The United States may be forced to expand its nuclear weapons arsenal in the coming years to deter growing threats from Russia, China, and North Korea, according to a stark warning from Pranay Vaddi, Special Assistant to the President and Senior Director for Arms Control at the White House.

In a speech to the Arms Control Association on Friday, Vaddi outlined a policy shift aimed at pressing Moscow and Beijing to reverse their rejections of U.S. calls for arsenal limitation talks.

"Absent a change in adversary arsenals, we may reach a point in the coming years where an increase from current deployed numbers is required. We need to be fully prepared to execute if the president makes that decision," Vaddi said. "If that day comes, it will result in a determination that more nuclear weapons are required to deter our adversaries and protect the American people and our allies and partners."

Vaddi's comments come amid growing tensions between the U.S. and both Russia and China, sparking fears of an all-out war. In May, Russia conducted tactical nuclear weapons drills "in response to provocative statements and threats by individual Western officials," while hosts and guests on Russian state TV have repeatedly threatened nuclear strikes on Western powers, including the U.S., France, the U.K., and the Netherlands.

The U.S. currently observes a limit of 1,550 deployed strategic nuclear warheads set in the 2010 New START treaty with Russia, despite Moscow's "suspension" of its participation last year over U.S. support for Ukraine. Vaddi's speech marks a shift from National Security Adviser Jake Sullivan's remarks to the same group a year ago, in which he stated there was no need to increase U.S. strategic nuclear arms deployments to counter the arsenals of Russia and China.

Vaddi warned that Russia, China, and North Korea "are all expanding and diversifying their nuclear arsenals at a breakneck pace, showing little or no interest in arms control." He also claimed that these three powers, along with Iran, are "increasingly cooperating and coordinating with each other in ways that run counter to peace and stability, threaten the United States, our allies and our partners and exacerbate region tensions," including by sharing advanced missile and drone technology.

According to Statista figures for January 2023, Russia had the largest nuclear arsenal in the world with 5,889 warheads, followed by the U.S. with 5,244. China had 410 warheads but is rapidly expanding its arsenal, while American allies France and the U.K. had 290 and 225 nuclear warheads, respectively.

On Wednesday, Russian President Vladimir Putin warned he could deploy conventional missiles within range of Western powers after a number of these gave Ukraine permission to hit Russian military targets on its own soil with their weapons for the first time. However, on Friday, Putin said Russia had no need to use nuclear weapons to secure victory in Ukraine.
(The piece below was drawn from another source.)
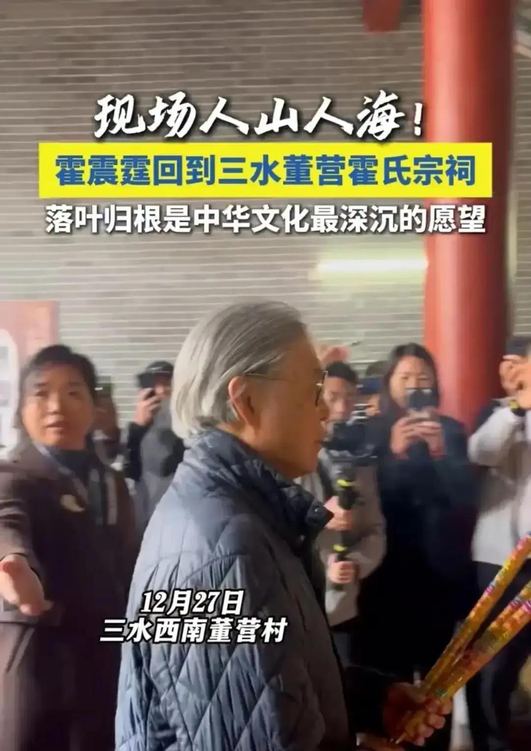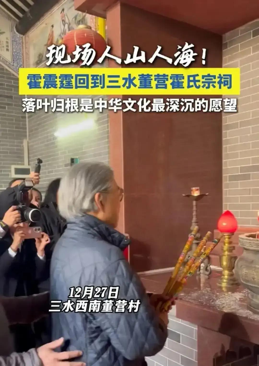 三千万身家挤进祠堂交200块份子钱 霍震霆昨天回佛山三水董营村祭祖,开的是辆旧别克GL8,连司机一共四人,没封路没保镖。祠堂管事的说,他按规矩交了二百块宗亲活动费,排队领香,跟普通村民一起磕了头。 这事听着像段子,可翻翻老账,霍英东2005年重修祠堂时就立了家规:子孙回乡就是族人,不准摆阔。霍震霆这些年确实照做,往年派堂兄弟代祭,今年亲自来,还是那套旧西装,袖口磨得发亮。 村里老人讲,霍家祠堂的捐款碑上,霍英东名字排在第三行,跟普通村民一样大。三千万身家的人,在族谱里照样得按辈分写名字,该跪还得跪。 有人说这是作秀,我倒觉得挺好。现在太多人发达了就忘了根,能记得祠堂门槛在哪,已经难得。

U.S. nuclear doctrine, Vaddi said, reserves nuclear weapons to deterring attacks by adversaries "on us and our allies and partners," while remaining committed with Britain and France to "transparency" on nuclear policies and forces. However, if U.S. adversaries boost reliance on nuclear weapons, "we will have no choice but to adjust our posture and capabilities to preserve deterrence and stability," he said.

During an interview with Fox News host Sean Hannity on Thursday morning, Donald Trump, the presumptive 2024 Republican presidential nominee, claimed that nuclear war is a bigger threat to the U.S. than climate change.

"This is obliteration, maybe world obliteration, and we have a man is not capable of discussing it. The only global warming that matters to me is nuclear global warming. Because that's the real deal," Trump said.